Dataset records >>

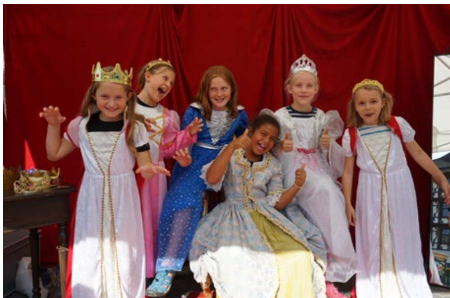
Zwei der vielen Angebote: Verabschiedung der «Queen Victoria» am Erlebnistag, verkleidete Prinzessinnen.
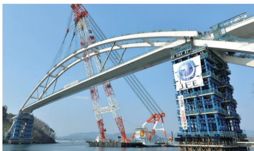
完成に近づく気仙沼大島大橋
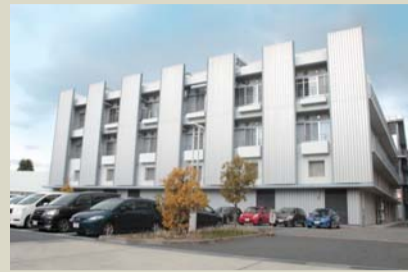
「技術研究組合リチウム電池材料評価研究センター」(蓄電池研究の企業約20社)が入る関西産学官連携研究棟
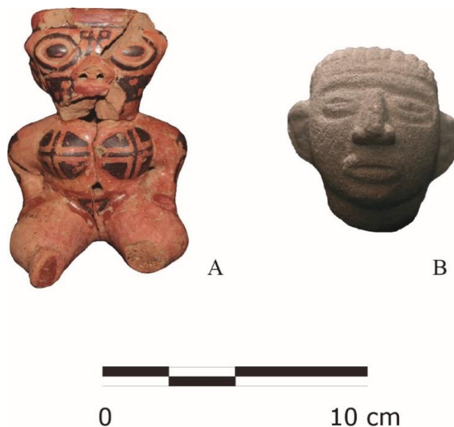
Imagen 5. A. Figurilla cerámica asociada al tipo Galo Policromo, propio del Período Bagaces (300-800 d.C.) de la Subregión Gran Nicoya; B. cabeza efígie. Ambos objetos fueron hallados en una tumba (“RF12”) del sitio Pascua. Composición basada en las Figuras 72 y 73 (Naranjo et al., 2015, pp. 149, 155). Las fotografías fueron facilitadas por Denis Naranjo Masís.

[...] una escultura de cabeza humana (art. N°1249). Posteriormente, hasta llegar a los 70 cm.b.s., se recuperó una figurilla cerámica (art. N°1199) asociada al tipo Galo policromo, adscrita al Período Bagaces (300-800 d.C.) de la Subregión Gran Nicoya [imagen 5]. La ofrenda se ubica entre rocas grandes y pequeñas, quedando un posible espacio para depositar el cuerpo (Naranjo et al., 2015, p. 108).
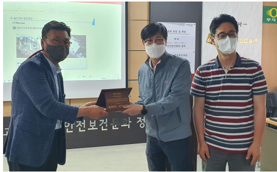
<그림 1. 방문기념패 전달>
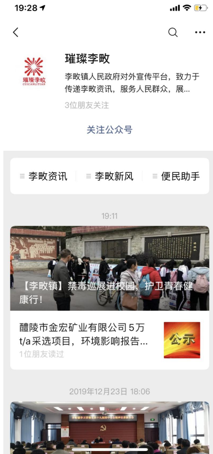
图 2 征求意见稿网络公示截图
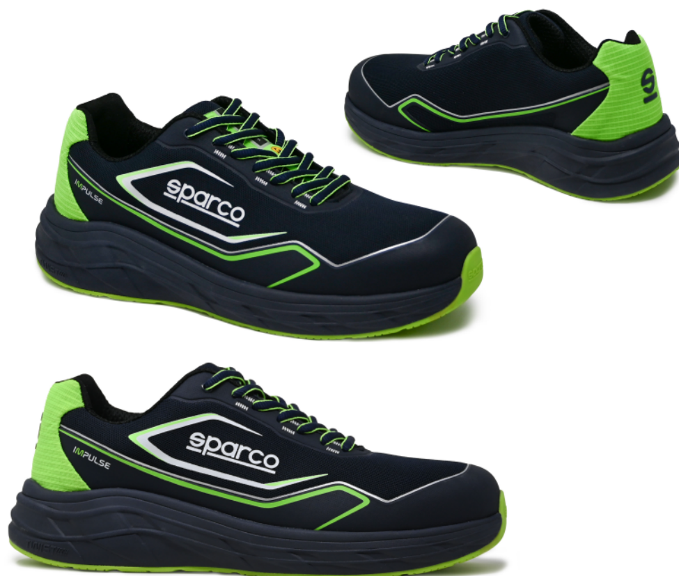
WILLEN ESD S1PS SR FO HRO 07545tgBMVF
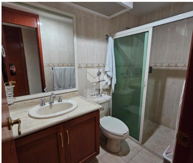
BAÑO RECÁMARA SECUNDARIA 1

Assignment >> Reproduce every line above as written, skipping pictures.

Output of the task >>
Zwei der vielen Angebote: Verabschiedung der «Queen Victoria» am Erlebnistag, verkleidete Prinzessinnen.
完成に近づく気仙沼大島大橋
「技術研究組合リチウム電池材料評価研究センター」(蓄電池研究の企業約20社)が入る関西産学官連携研究棟
Imagen 5. A. Figurilla cerámica asociada al tipo Galo Policromo, propio del Período Bagaces (300-800 d.C.) de la Subregión Gran Nicoya; B. cabeza efígie. Ambos objetos fueron hallados en una tumba (“RF12”) del sitio Pascua. Composición basada en las Figuras 72 y 73 (Naranjo et al., 2015, pp. 149, 155). Las fotografías fueron facilitadas por Denis Naranjo Masís.

[...] una escultura de cabeza humana (art. N°1249). Posteriormente, hasta llegar a los 70 cm.b.s., se recuperó una figurilla cerámica (art. N°1199) asociada al tipo Galo policromo, adscrita al Período Bagaces (300-800 d.C.) de la Subregión Gran Nicoya [imagen 5]. La ofrenda se ubica entre rocas grandes y pequeñas, quedando un posible espacio para depositar el cuerpo (Naranjo et al., 2015, p. 108).
<그림 1. 방문기념패 전달>
图 2 征求意见稿网络公示截图
WILLEN ESD S1PS SR FO HRO 07545tgBMVF
BAÑO RECÁMARA SECUNDARIA 1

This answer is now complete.